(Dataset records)
------------------------------------------------------------
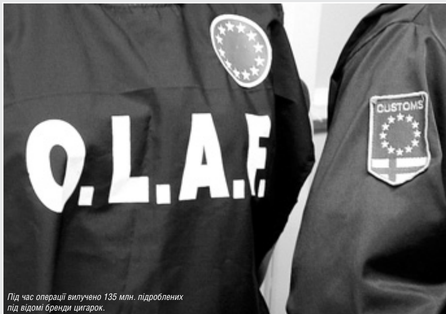
Під час операції вилучено 135 млн. підроблених під відомі бренди цигарок.

Спільну митну операцію під назвою «Діаболо» провели країни — члени ЄС, Інтерпол, Європол та Міжнародна митна організація. Очолював її, представляючи Європейську Комісію, Європейський антикорупційний офіс (OLAF). Під час операції вилучено 135 мільйонів підроблених під відомі марки цигарок, а також 557 тисяч іншої «піратської» продукції — текстилю, взуття, іграшок, меблів тощо.
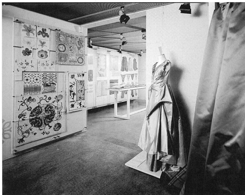
Abb. 7 Ausstellung «mustergültig. Zürcher Seidengeschichte».

Gründen im Erdgeschoss platziert. Der andere Charakter dieser mit Stuckdecken versehenen Räumlichkeiten hatte Einfluss auf die Art der Ausstellung. Die vier zur Verfügung stehenden Räume wurden thematisch gegliedert: Sasha Morgenthaler (1893–1975) – eine Künstlerin fertigt Puppen; Vergangenheit und Gegenwart begegnen sich; Puppenkinder aus aller Welt; handgefertigte Originale und serienmässig hergestellte Puppen. Die Schwiegertochter von Sasha Morgenthaler, Ruth Morgenthaler, die langjährige Mitarbeiterin der Künstlerin, Trudy Löffler, sowie die ehemalige Textilrestauratorin des Landesmuseums, Ursula Schuppli, haben sich der Konservierung der Puppen angenommen. Für die liebevolle Positionierung derselben – durch minime Veränderungen kann der Ausdruck einer Puppe komplett verändert werden – zeichneten die ersten zwei verantwortlich. Zu den weltberühmten Puppen gesellen sich die nicht minder ansprechenden Tiere. Für die Gestaltung zeichnete der Architekt Theo Senn verantwortlich.
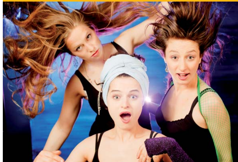
Netnakisum (A) bei der Flensburger Hofkultur
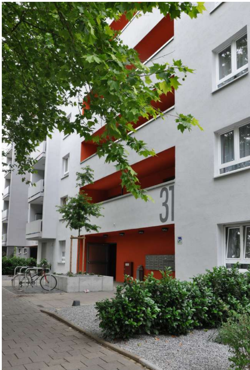
Abb. 47: Neugestaltete Vorzone Mirjam-Pressler-Straße 31

Nach ihrer Sanierung prägt die einladende Wohnanlage Mirjam-Pressler-Straße 31/33 den östlichen Stadtteileingang. Das im Eigentum der bauverein AG befindliche Wohngebäude wurde im Jahr 2009 umfassend modernisiert. Nach erfolgreicher Gebäudesanierung wurde das Wohnumfeld sowohl funktional als auch visuell umfassend aufgewertet. Deutlich wird dies insbesondere über die Umgestaltung der Erschließungs- und Grünflächen in den Vorgartenzonen, die Neuordnung der Abfallsammelstellen sowie die Bepflanzung der Stellplatzanlage. Besonderes Augenmerk wurde auch auf die Bedürfnisse und Wünsche der Kinder gelegt, die in der Wohnanlage und der Umgebung leben. Ein multifunktionaler Kletter- und Rutschturm mit Wackelbrücke, Stämmen, Felsen und eine Wippe sorgen für abwechslungsreiche Spielmöglichkeiten, insbesondere für kleinere Kinder.
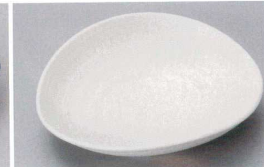
39418-491 白釉サラダ鉢 1,550円 (21.5×19.2×5.5cm)
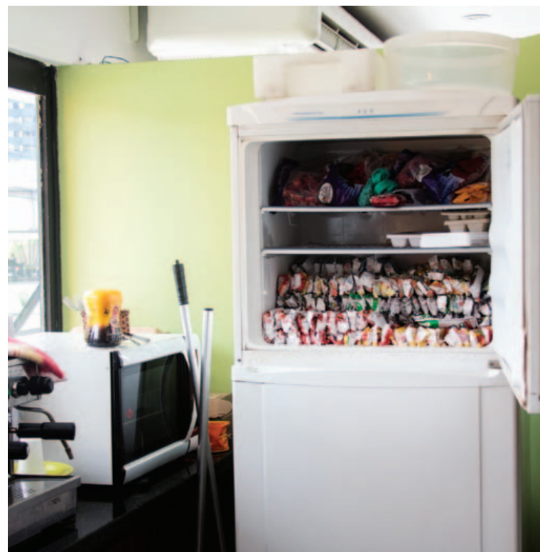
Em pontos comerciais, o prejuízo está na geladeira: sorveterias sofrem com a Coelba
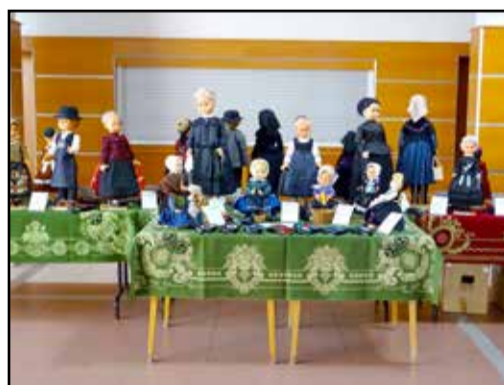
Nagy sikert aratott a német népviseleti baba kiállítás

A 8. Tungi Fesztivál szeptember 21-én délután 15 órakor kezdődött kulturális bemutatóval, az első fellépőnk a Würtz Ádám Általános Iskola német nemzetiségi táncsoportja volt, majd őket követte az óvoda Szivárvány (Regenbogen) német nemzetiségi csoportja. A kicsik vidám táncai után
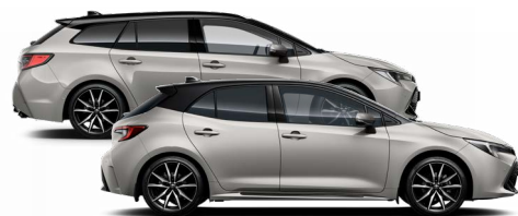
2RD GR SPORT Krómezüst / Fekete tető Elérhető a GR SPORT felszereltségen
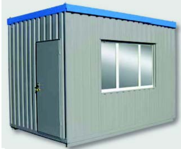
Beispiel 6857 mit Kontrastlackierung und nach rechts versetzter Tür.
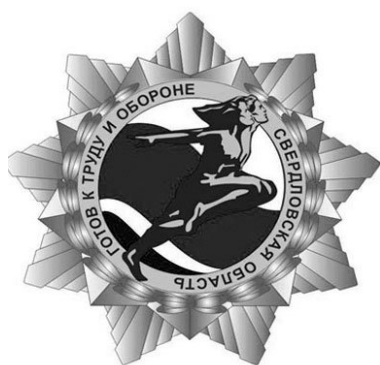
Региональный значок ГТО существует на Урале с 2011 года.

Предполагается, что собственный спортивный знак отличия проживет на Среднем Урале еще не менее года. А когда с осени 2015 года комплексы ГТО возродят по всей стране, «младший брат» уступит место старшему. Кстати, до сих пор неизвестно, как будет выглядеть общероссийский знак ГТО. На сайте федерального министерства физкультуры и спорта сейчас идет интернет-голосование за самый удачный эскиз. Свое мнение уже высказали более 18 тысяч человек.
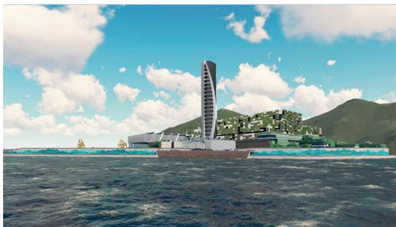
I-PARK 綜合廢物管理設施第一期 構思圖
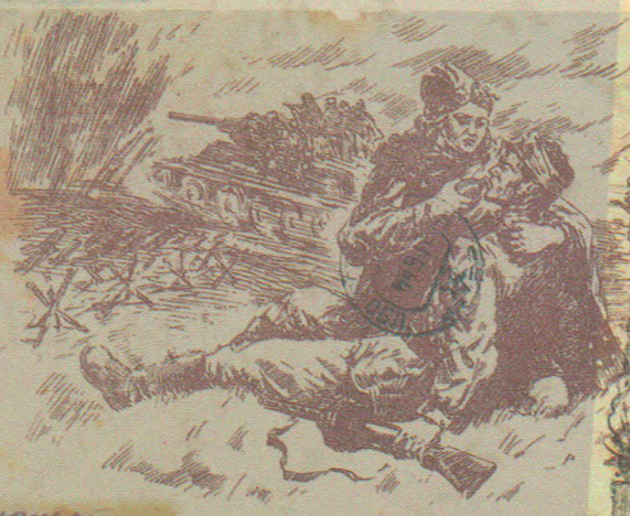
Смерть немцам оккупантам!
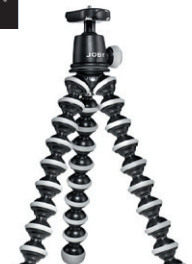
Trépied GorillaPod SLR-Zoom Installation polyvalente
------------------------------------------------------------
Exercise goal: Start at the line holding "I-PARK 綜合廢物管理設施第一期 構思圖" and stop at the last line of the entries above. Repeat those lines exactly, pictures excluded.

Response:
I-PARK 綜合廢物管理設施第一期 構思圖
Смерть немцам оккупантам!
Trépied GorillaPod SLR-Zoom Installation polyvalente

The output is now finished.